Charybdis: The Deadly Whirpool of Greek Mythology
Sailors in Greek legend inevitably had to sail through a narrow channel that offered a difficult choice. Their captains had to steer their ships toward one of two dangers – Scylla and Charybdis.
Of the two, Charybdis was generally agreed to be the most dangerous. A massive whirlpool large enough to pull an entire ship beneath the waves, an encounter with Charybdis could mean death for everyone aboard the ship.
So who, or what, was Charybdis? The myths aren’t even clear on whether the legendary danger was a monster or a natural part of the seascape.
From daring escapes to a story of unrequited love, there is a lot more to Charybdis that just some swirling water!
Like many Greek monsters, Charybdis represented a real danger that could be encountered in the world.
Charybdis was a giant whirlpool, large enough to suck in an entire ship. She lived in a narrow channel of water that was also home to the devouring monster Scylla.
When passing through this strait, sailors had to make a choice of which monster they would sail closest to. The way was so narrow that, without the assistance of the gods, it was impossible to go through without being attacked by one of them.Scylla and Charybdis were so dangerous that it was said that no ship could ever pass through their channel without losing at least some lives. Click To Tweet
Of the two, Charybdis was generally regarded as the more deadly because she could destroy an entire ship in an instant. Scylla’s six heads were terrifying, but by sailing quickly enough a ship could lose only a few men to her before getting out of reach.
Modern and ancient sources place the home of Scylla and Charybdis in the real Strait of Messina, a narrow stretch of sea that separates Southern Italy and Sicily.
Scylla probably embodied the dangerous, jutting rocks that could harm a ship that got to close. Charybdis, however, was a literal whirlpool.
The whirlpool in the Strait of Messina is a real feature, although it is not nearly as dangerous as the Charybdis of legend.

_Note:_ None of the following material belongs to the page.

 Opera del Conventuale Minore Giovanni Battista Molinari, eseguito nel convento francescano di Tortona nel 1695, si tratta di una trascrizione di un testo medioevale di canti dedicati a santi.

The actual whirlpool in the strait is only a danger to very small vessels, and even then only in extreme circumstances.
The stories of the ancient world made the whirlpool into a much more deadly threat. From the early writings of Homer to the later Roman works of Virgil and Ovid, it was agreed that Charybdis was wide enough to swallow a ship and so deep that the ocean floor could be seen in its center.

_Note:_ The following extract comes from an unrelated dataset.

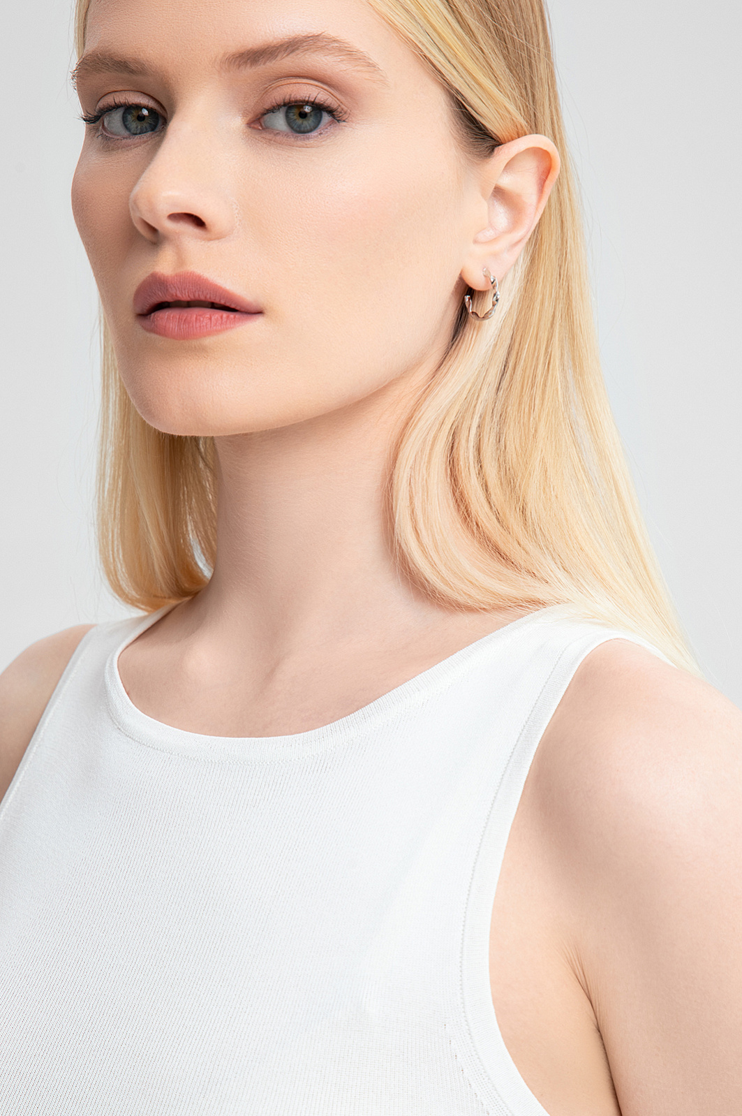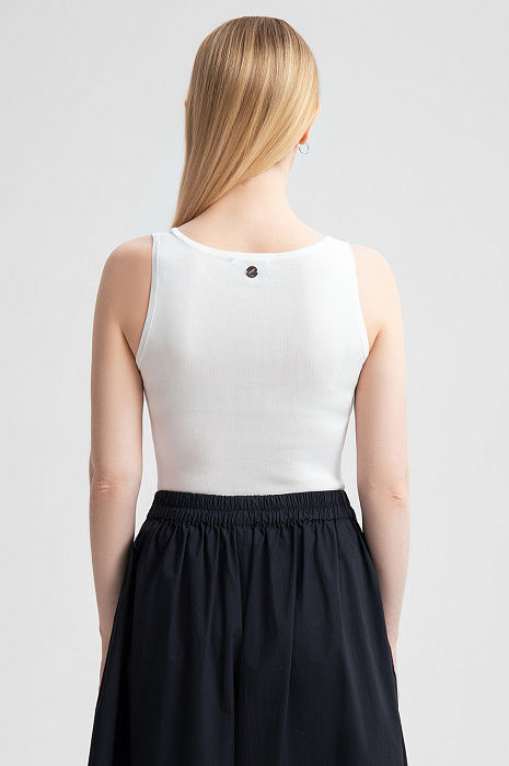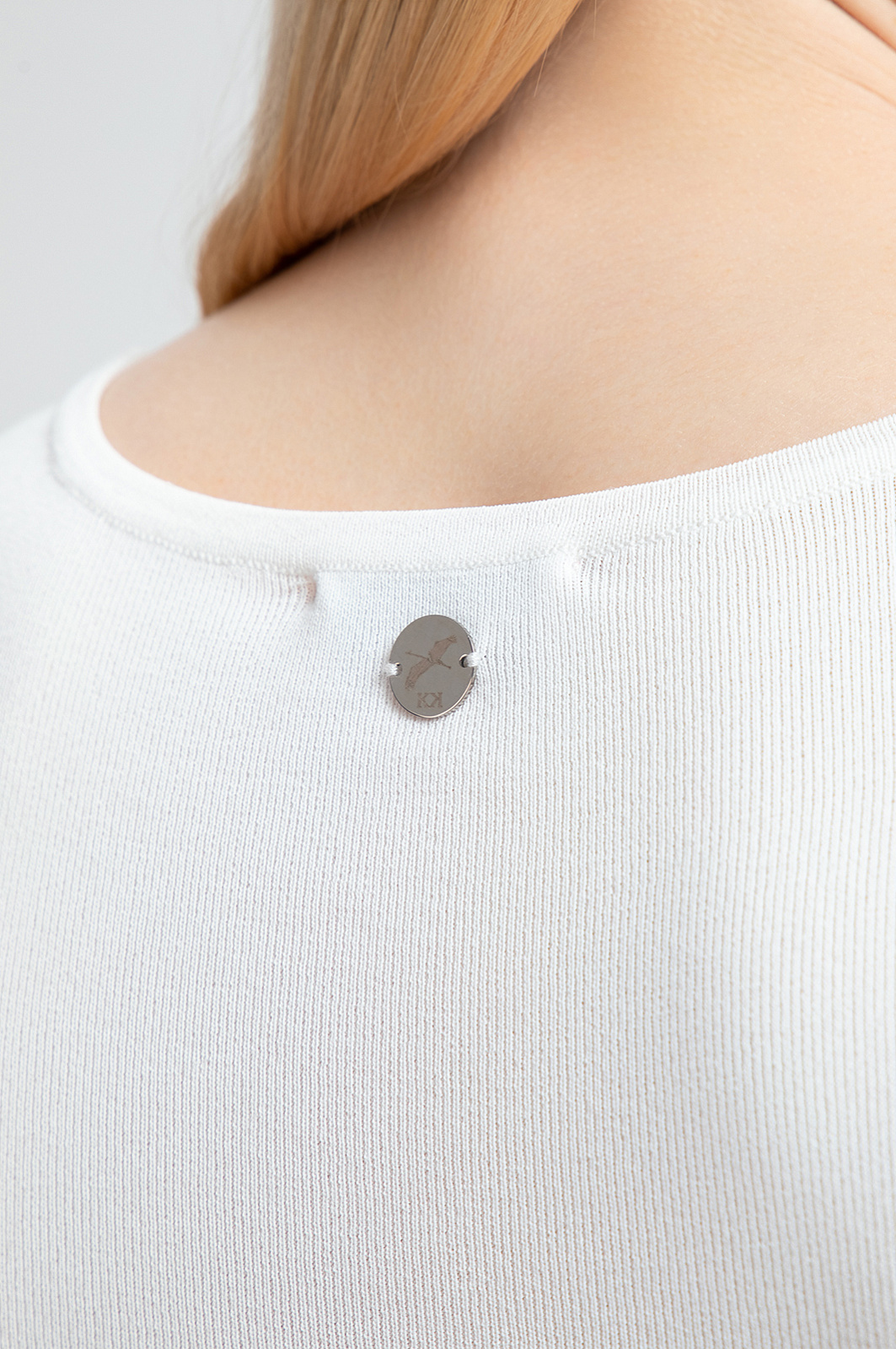 Белоснежный топ KANZLER – базовая модель, в которой воплотились утонченность и комфорт. Гладкая фактура материала нежно соприкасается с кожей, даря ощущение легкости и свежести в течение всего дня. Вискоза обеспечивает изделию мягкость, полиамид – износостойкость, а небольшое добавление эластана – удобную посадку по фигуре. Универсальный крой и округлый вырез горловины делают модель отличным выбором как для повседневного или делового гардероба, так и для особенного случая. Лаконичный фасон легко дополняет любые образы, будь то строгий костюм или расслабленные брюки и юбки в стиле кежуал. На спинке – небольшой металлический шильдик с символом бренда – журавлем. Параметры модели: рост 175, 88-65-92 Размер на модели: S

Sometimes Charybdis was characterized as a monster, a living counterpart to Scylla. In other stories, though, it was simply a name given to a natural feature of the sea.
One of the characteristics of Charybdis was that she swallowed sea water on a regular schedule. She was given the name Trienos, or Three-Times, because of this cycle.
This description has given scholars another interpretation of the nature of Charybdis. Instead of a whirlpool, they believe she may have represented the tide.
Sucking in water would explain the three low tides of the day, while its expulsion explained high tide. Instead of a single feature, Charybdis would have been seen as the source of a world-wide phenomenon that happened several times a day.In a narrow channel like the Strait of Messina, the changing tides could be just as dangerous to a ship as a whirlpool. Click To Tweet
The changing water level could hide dangerous rocks under the surface of the water, making them invisible to sailors even though they could pierce the hull of a ship. And even the slightest shift in position caused by changing tides could drive a ship into the rocks in a strait so narrow.
Most readings of Scylla and Charybdis lead to the conclusion that ships were forced to sail closer to Scylla, who represented the rocks, to avoid being sucked into a whirlpool. But interpreting Charybdis as the force of the tides means that her power forced ships to go closer to rocks they would ordinarily avoid.
This interpretation is also supported by the way in which Scylla leaps out of her cave when attacking passing ships. Like rocks hidden beneath a higher tide, she catches ships unaware.
Charybdis represented a natural phenomenon. Like many Greek monsters, she initially had no concrete origin story.
As with many other beasts in Greek mythology, however, later writers created a story to explain how Charybdis came to be. Like many of these later additions to the mythology, they imagined Charybdis to have once been a beautiful maiden.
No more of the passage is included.